There have been reports this morning that the SEC is considering the promulgation of new rules for stock trading. Here's what my sources are telling me:
1) More rules for market makers. There will be rules proposed by the exchanges within the next several weeks to tighten the standards of what it means to be a market maker.
2) Expansion of circuit breaker program. The individual stock circuit breaker pilot program, which currently covers all stocks in the Russell 1000 as well as 300-plus ETFs, will be expanded within the next several weeks to cover all stocks and all ETFs. (Drill down on this topic: ETF 'Circuit Breakers' Could Stop Flash Crashes)
To date, none of the Exchanges have submitted any rule proposals on these issues to the SEC. However, the SEC has made it clear they want rulemaking in these areas.
More rules for market makers. Stub quotes — abnormally low or high bids for stocks — will likely be changed by new rules that require market makers to provide a real quote in the market. How this will be done is still being debated, but one possibility is to require the quote could, say, never be more than 10 percent away from the inside quote.

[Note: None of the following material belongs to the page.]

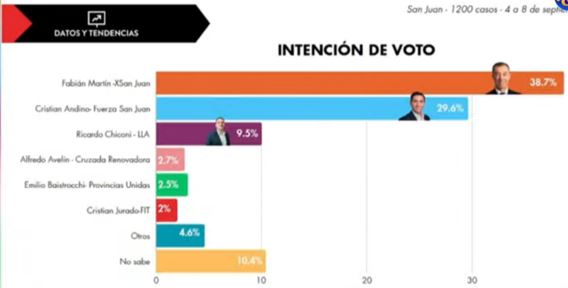 A menos de un mes de las elecciones legislativas del 26 de octubre, el panorama político sanjuanino parece estar definido. Según los últimos datos relevados por la consultora "Datos & Tendencias", el espacio político X San Juan obtendría un triunfo cómodo y amplio si los comicios se realizaran hoy.
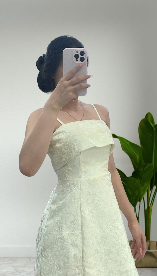 Chất liệu gấm hoa cao cấp với hoa văn chìm sang trọng, giữ dáng váy ổn định nhưng vẫn thoải mái khi mặc. Gam màu trắng kem dễ phối phụ kiện, phù hợp cho nhiều dịp từ tiệc nhẹ đến sự kiện sang trọng.

This goes to the heart of the issue: what does it mean to be a market maker? What standards should apply regarding providing liquidity?
There used to be more stringent requirements for market makers. Over time, those requirements got watered down to have only a quote in the market, which is how you get stub quotes. Those players who don't have a lot of quotes in the public market (firms who internalize order flow, for example) are the ones who place these stub quotes which are solely designed to meet market maker requirements. They were never really meant to be executed.
So why have them if there is a remote chance that someone can trade against them? And why have a market maker if there is not some meaningful requirements to be a market maker?
That's what the exchanges and the SEC are trying to address.